In their article, they point to the pitfalls that are most important to clinical pathology. One is that generative language models often struggle with numerical operations and comparisons, they write, “which may impair the reliability of assessing trends and shifts in laboratory values in CP.” Another is that the models may hallucinate details in a clinical interpretation such as patient comorbidities, which would not only compromise the integrity of the interpretation but also force pathologists to check every cited comorbidity.
If generative AI doesn’t achieve a performance level that allows it to operate largely unsupervised, the authors write, “clinical pathologist activities may just shift, being responsible for many more model supervision and output verification tasks in exchange for any decrease in interpretive thought work.”
While these and other risks exist, generative AI’s future is “exciting and incredibly bright,” they write, “as we are witnessing the beginnings of scalable and programmable cognitive work.” And clinical pathology is “well positioned to become the core ‘copilot’ within the health care workflow at large.”
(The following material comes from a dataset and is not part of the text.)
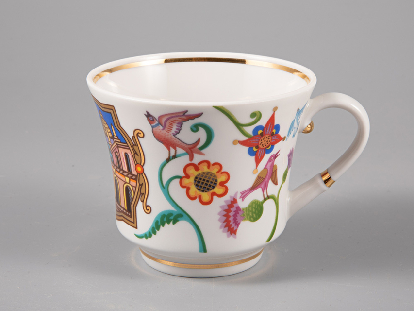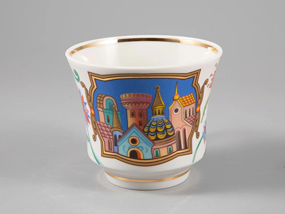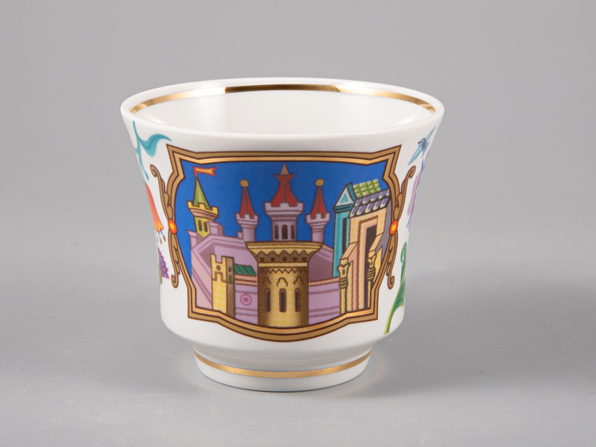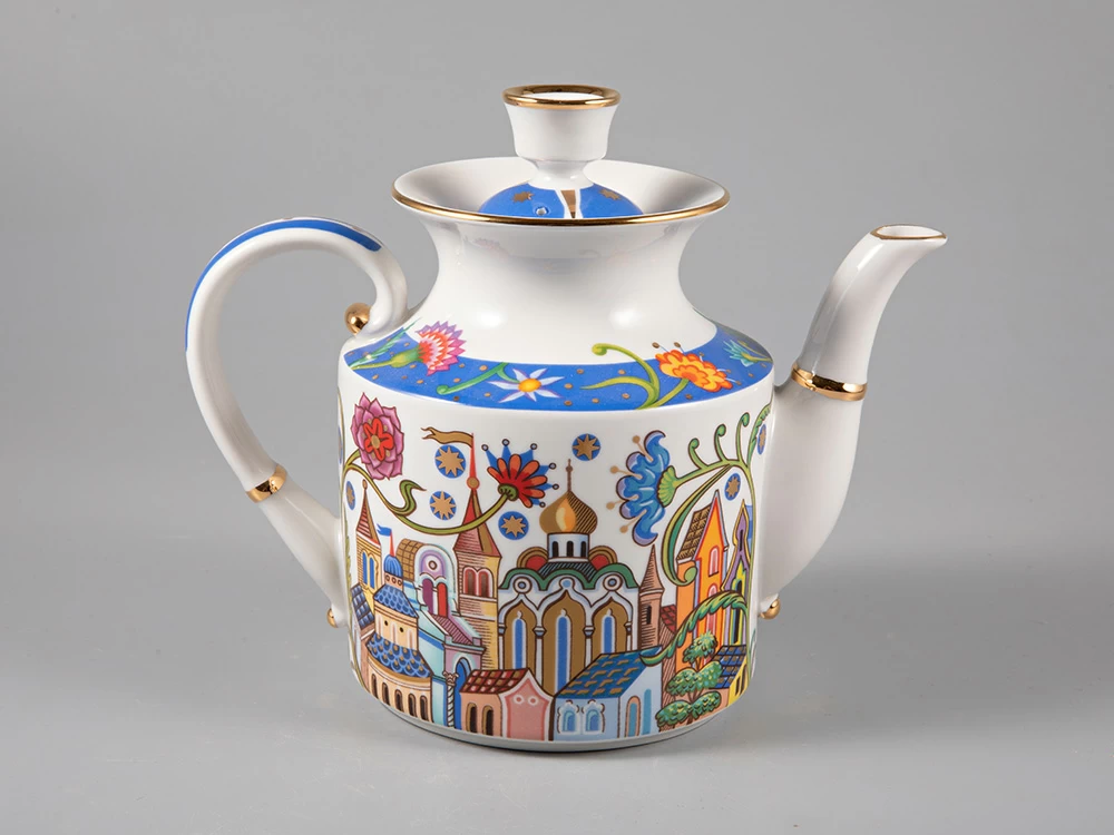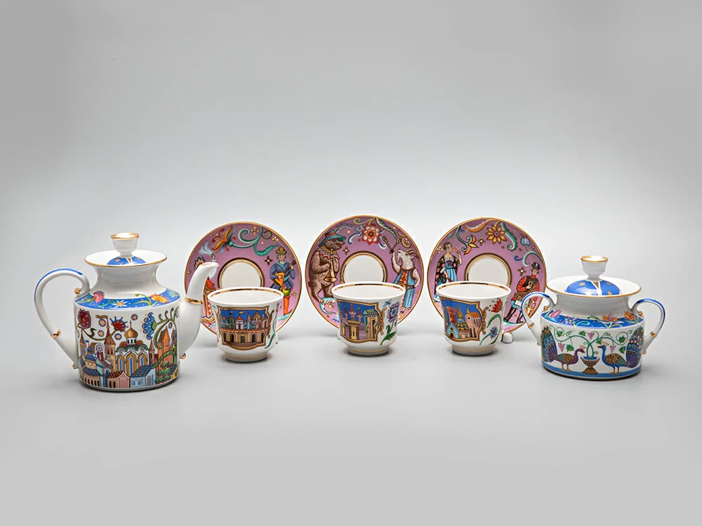 Вдохновением для создания красочной коллекции «Чудоград» стало русское искусство допетровского времени, в частности, Нарышкинское (Московское) барокко с характерным для него узорочьем. Стилевое решение декора отсылает к традиции русского лубка и книжных миниатюр. На предметах сервиза «выросли» нарядные дома в окружении диковинных птиц и эффектных золотых акцентов.

Dr. McCaffrey envisions a future in which pathology is considered more of a cognitive utility rather than a service. “Like electricity, we infuse the EHR everywhere and therefore we’re asked to infer things more often. But maybe we rethink the model of value so that we have to be more of an infrastructural part of the hospital and the EHR, not just doing the data but generating some level of opining about the data.”
He thinks of lab testing for primary care, “where you’re catching that subtle anemia that will become indicative of a colon mass no one caught yet. This is a gap we’re uniquely suited to fill.
“We sit on the data channels,” he says, “and we have always been a cognitive utility, even before AI.”
Anne Paxton is a writer and attorney in Seattle.